Sunday, December 14, 2008

Living the life of Rải Ly

At least some of the readers of this blog assumed my six-week silence was a result of new teaching responsibilities falling on me like a collapsing pile of schoolbooks. Not so. The truth of the matter is that I often feel unreasonably guilty that my life has become so pressure-free. Unlike most of my colleagues, who are teaching 10 to 15 classes per week and thinking of taking on even more, I've been teaching just 3 to 5 classes per week and feeling dreamily content with my slacker's pace.

You might not think an Asian city of 3.5 million people would be a likely spot to bow out of the rat race, but that seems to be just what I've done. I have no mortgage and no car. I have no idea what the price of gasoline is. No bills or junk mail arrive in my mail box—I have no mail box. I never wake to an alarm clock. I can stay at the bar until closing time every night if I want to. Until AFTER closing time, in fact. (When closing time arrives, somebody pulls down the metal door so the bar will appear closed to any patrolling police truck, but the bartenders carry on behind locked doors as long as there are customers spending money.)

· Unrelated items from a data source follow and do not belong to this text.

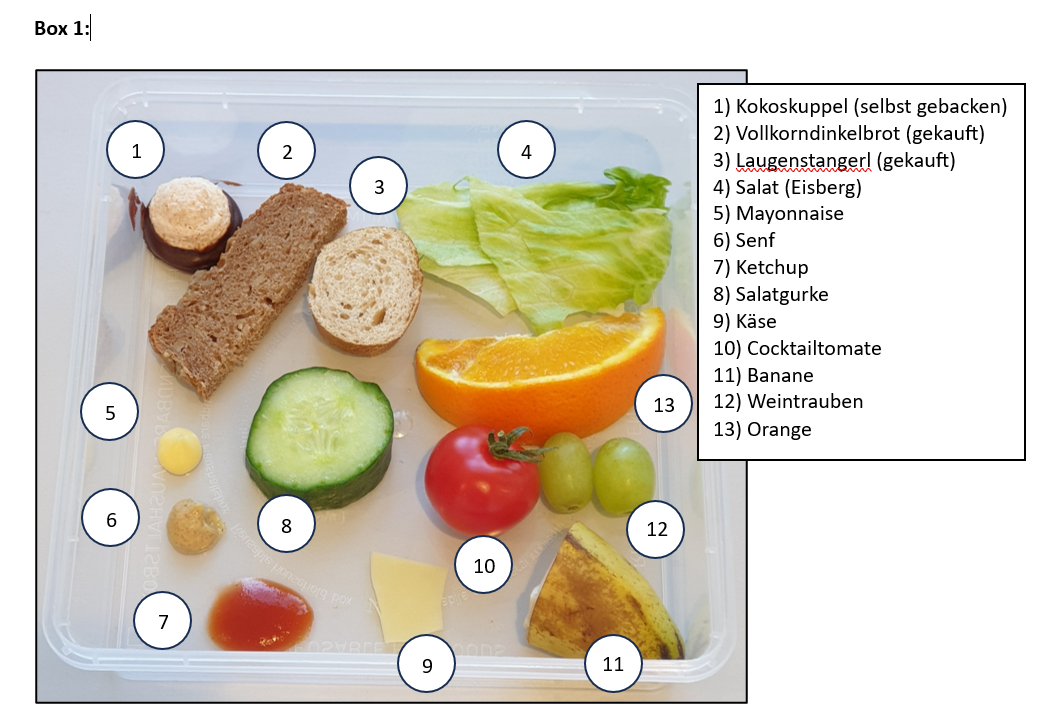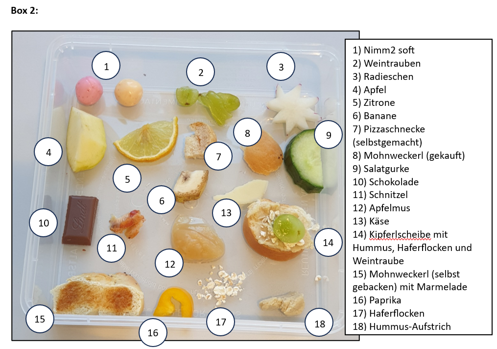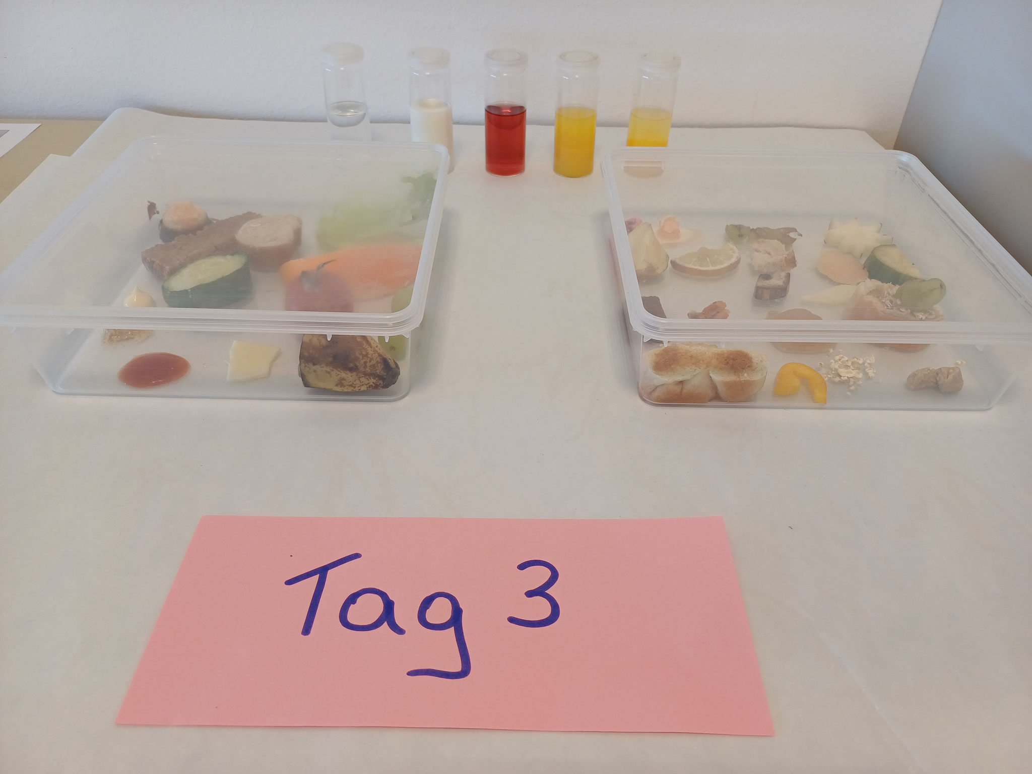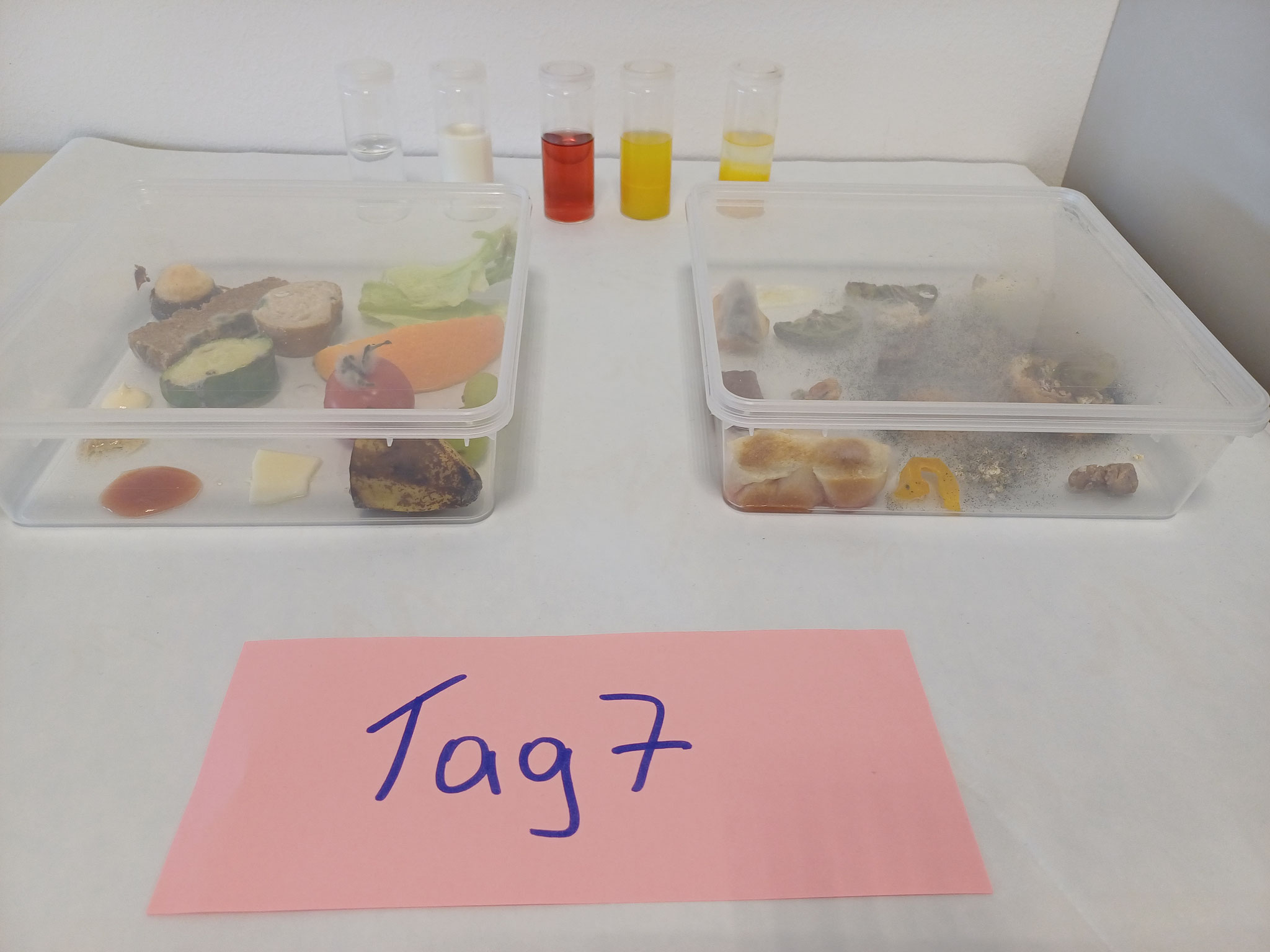 Um den Verderb von Lebensmitteln bei nicht sachgerechter Lagerung zu beobachten, wurden zwei Kunststoffboxen mit Lebensmittelproben befüllt. In die Boxen kamen: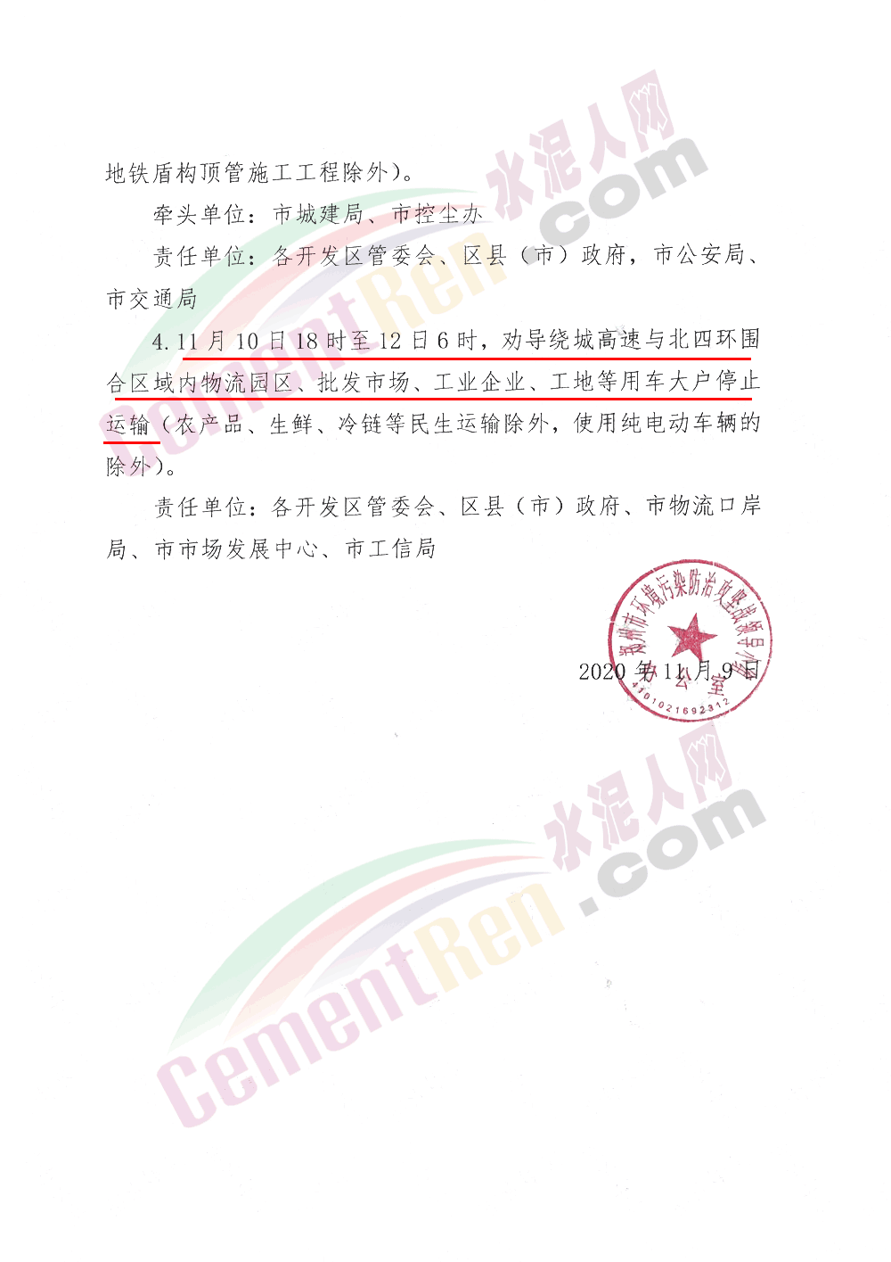 3. 繞城髙速與北四環(huán)圍合區(qū)域內(nèi)及滎陽市,11月9日20時至13日24時停止商砼罐車運輸;11月9日20時至12日12時,工地及混凝土攪拌站停止物料車運輸。4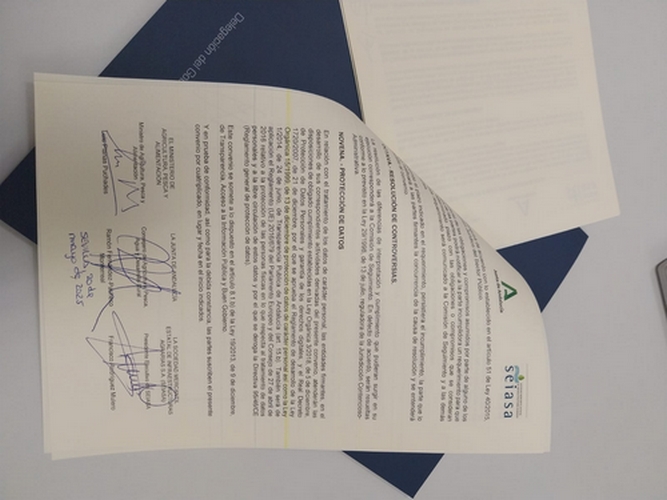 Según ha explicado el consejero de Agricultura, Pesca, Agua y Desarrollo Rural, Ramón Fernández-Pacheco, “a pesar de que hace un mes desde que el Gobierno central escenificó en Sevilla la firma de dicho documento, el convenio no se ha recibido hasta este mismo martes en la sede de la consejería y ha sido en ese preciso momento en el que se ha firmado, por lo que la vigencia del mismo comienza a partir de este martes”.
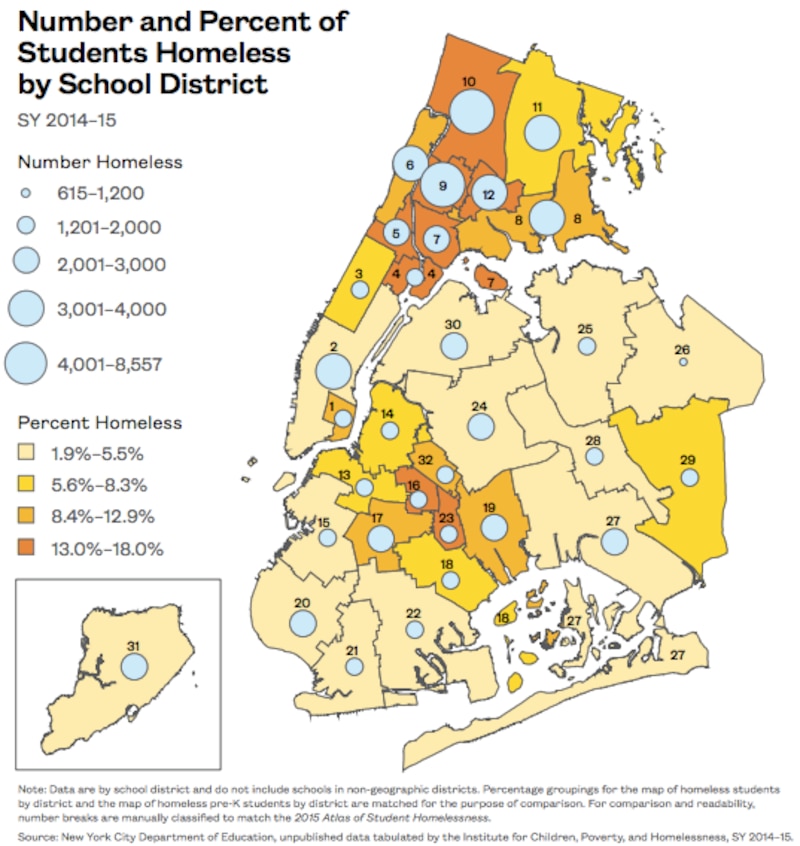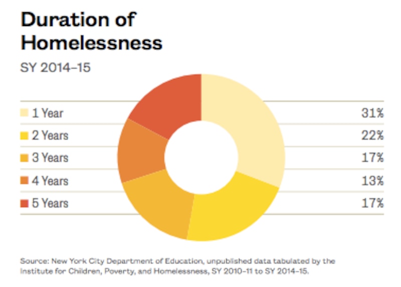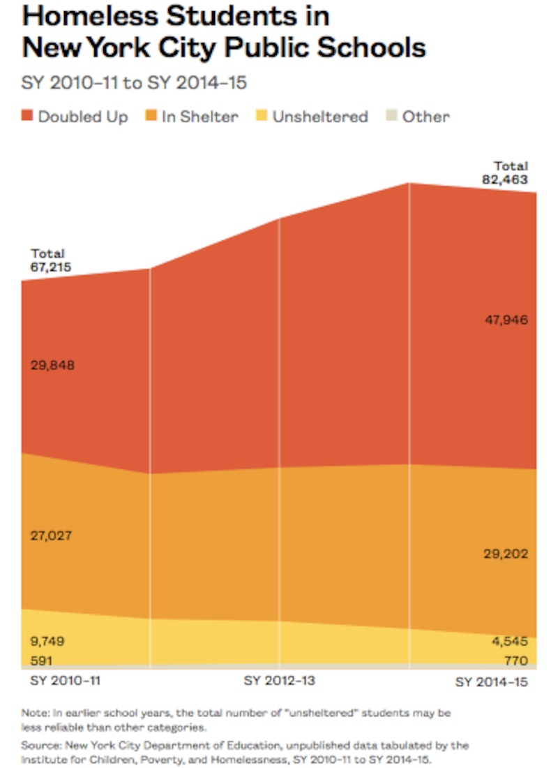 About 127,000 New York City public school students — or one in eight — have been homeless at some point in the last five school years, more than the total population of Boston and Seattle’s school systems combined. The effect of housing instability and poverty on those students is immense and is detailed in a report released Wednesday by the Institute for Children, Poverty, and Homelessness — a New York-based nonprofit.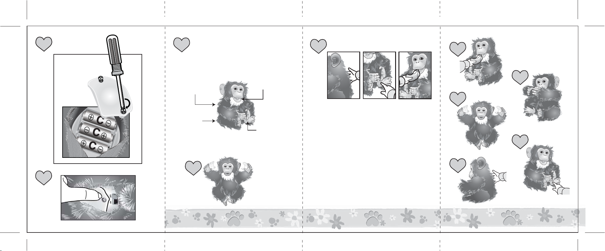 Avant de commencer à jouer avec MON VRAI CHIMPANZÉ, demande à un adulte d’installer les piles.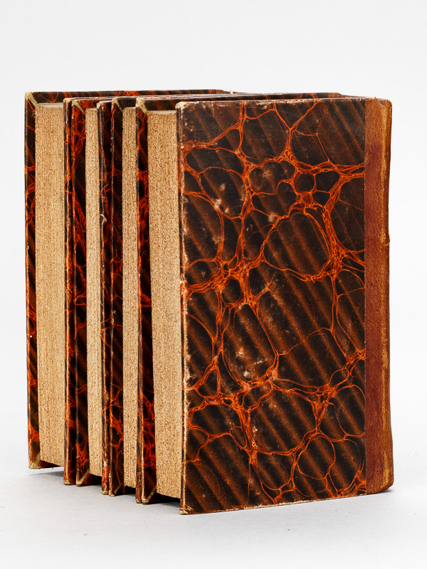 5 tomes en 4 vol. petit in-12 reliure de l'poquedemi-basane havane, dos lisse orné en long, Ménard et Desenne, Fils, Paris, 1820, 2 ff, frontispice, xxiv-401-3 pp. avec 2 planches hors texte ; 2 ff., 295 pp. avec frontispice ; 2 ff., 327 pp. avec frontispice ; 2 ff., 327 pp. avec frontispice et 227 pp. avec frontispice Commentaire : Charmant petit exemplaire complet des 5 tomes en état très satisfaisant (petit travail de vers en début du premier tome, qq. petits frott. et minimes accrocs, très bon état par ailleurs). Néricault Destouche connut notamment un beau succès avec son amusante et charmante comédie 'Le Philosophe marié ou le Mari honteux de l'Etre'.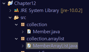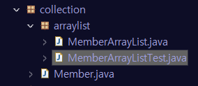 collection 패키지 하위에 arraylist패키지를 만들고 MemberArrayList.java 클래스를 생성하면 패키지의 계층 구조가 아래처럼 보인다.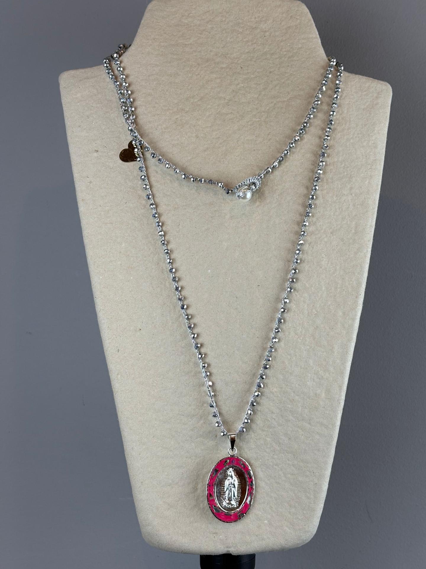El dije cuelga de un collar tejido completamente a mano, adornado con cristales corte Swarovski en color plata que aportan brillo y sofisticación. Su diseño versátil te permite usarlo en una, dos o hasta tres vueltas, adaptándose a distintos estilos y ocasiones.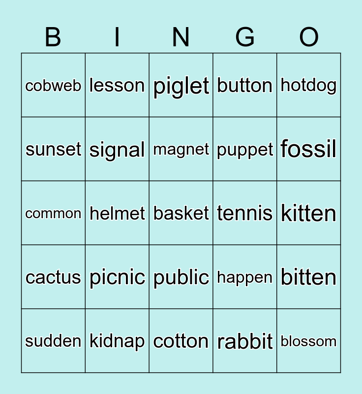 This bingo card has a free space and 24 words: picnic, kidnap, magnet, sudden, hotdog, cobweb, sunset, lesson, tennis, public, puppet, common, happen, bitten, signal, rabbit, kitten, piglet, fossil, helmet, blossom, cactus, button and cotton.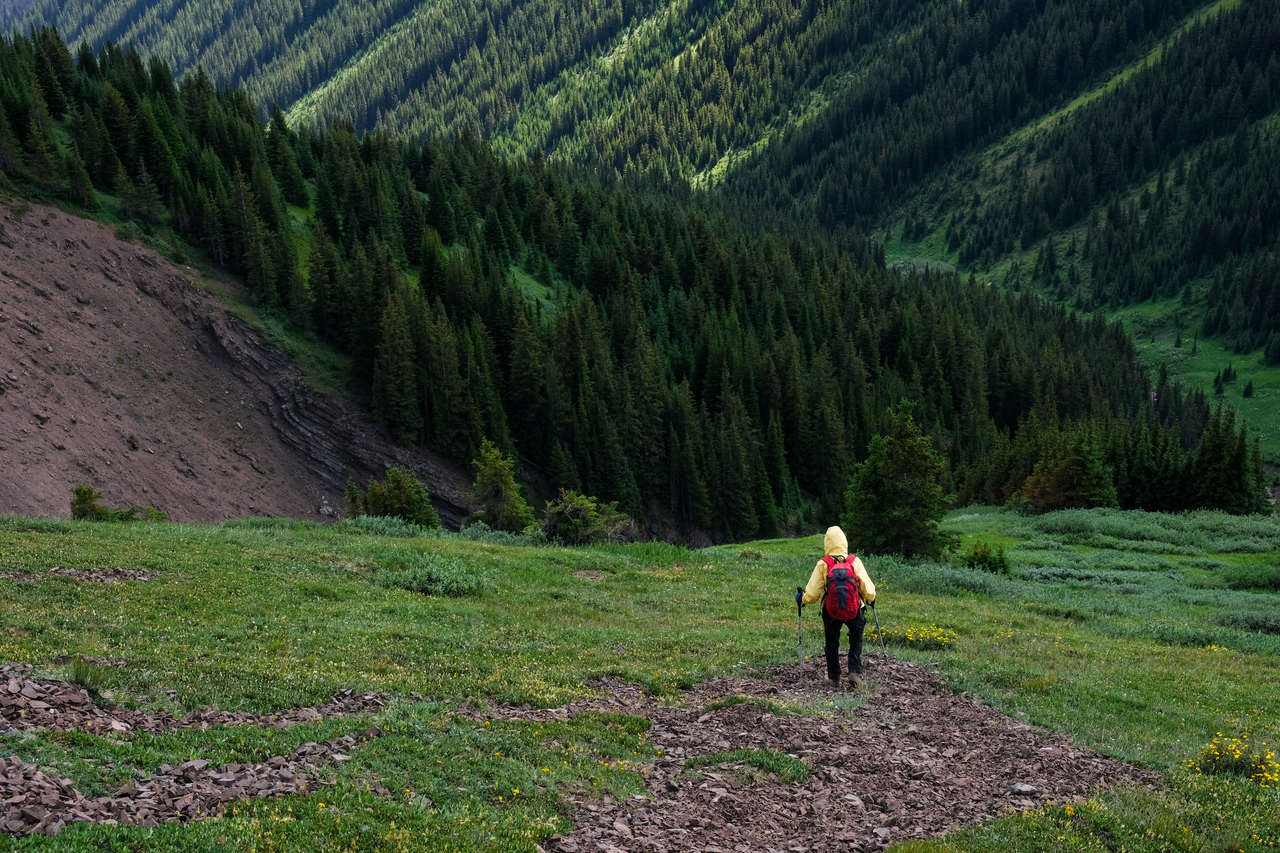 A faint trail leads the way up the grassy slopes on the opposite side of the valley.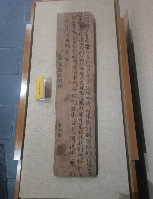 当年红军给藏族同胞留下的木制借据。红军长征纪念碑碑园管理处供图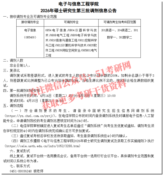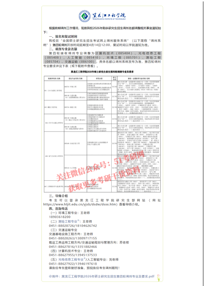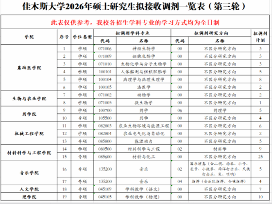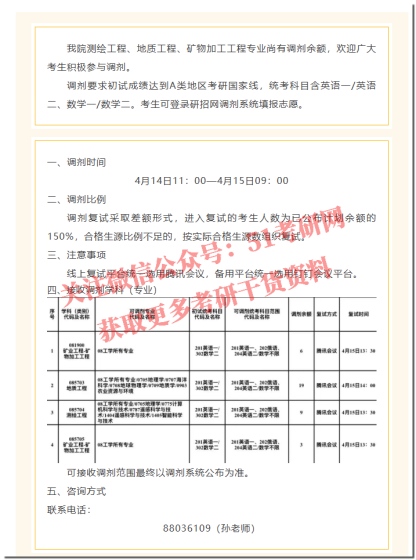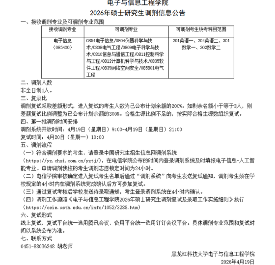 我校部分专业接收调剂:专业硕士专业:日语笔译、生物与医药、环境工程、测绘工程;开放时间为4月17日15时至4月19日15时,请各位考生登录全国硕士研究生招生考试网上调剂系统查看专业及缺额信息。研招办根据考生信息,于24小时内确定是否接收调剂,并在调剂系统中对拟接收的考生发放复试通知,请于4小时内,同意接受我校复试通知,否则取消复试资格。接收到复试通知的考生请保证报名时预留手机畅通,招生学院将联系考生,通知复试相关事宜。

I eat in restaurants whenever I feel like it—it costs 5 dollars or less for a decent meal, 10 dollars for something special like veal piccata or sushi. For a change of pace I stay in, cook myself an omelet, and watch something on HBO. I do my own dishes, but the $475 I give my landlady each month includes housecleaning, laundry, broadband Internet, cable TV, and electricity. When my laundry basket gets full I set it at the bottom of the stairs and my clothes come back clean in a day or so. When a light bulb burns out, I mention it and I'm given a new one. When the landlady heard I was shopping for an area rug, she found one in a storeroom and set it outside my door.

For the first couple of months I got around town by xe buyt (bus-18 cents a ride) or by xe om (motorbike taxi-$1-$2 per ride). Now I'm pedaling around on an old bicycle Thanh loaned me (free ride-free exercise). I'm debating buying a motorbike, but as long as the weather stays cool and dry, I'm in no hurry.

You see very few bikes in Hanoi with racing handlebars or derailleur gears. But the town is so flat and the streets so busy with motorbikes that you seldom find an opportunity to shift gears. It's probably just a matter of time before I get a hard knock or worse out there, but I've lost my initial apprehension and, far from cowering near the curb, find myself aggressively insisting on my share of the street, threading between cars slowed by a jam of motorbikes, pedaling upcurrent on one-way streets, and making left turns against oncoming traffic by drifting across the traffic well before the intersection and then drifting back to the right after rounding the corner. In other words, I'm driving my bicycle like any Hanoi schoolkid or their grandfather would. (Only faster. Because I'm bigger, the Vietnamese have a hard time keeping up with me.)

2 comments:

Fredbear said...

Sounds like the stuff of legend--Crazy American Racing His Bicycle on the Streets of Wintertime Hanoi in Shirtsleeves. Perhaps you could start a little xe om business on the side.

Unknown said...

LOL! So you're worrying that you may outlive us in the “real world” because your stress levels have fallen so low that they may actually be at the natural, prehistoric levels that the species evolved under? Sounds like a pretty good deal to me—especially since you don't even have the occasional sabre-toothed tiger to deal with that might turn you into a gourmet dining experience before old age does you in.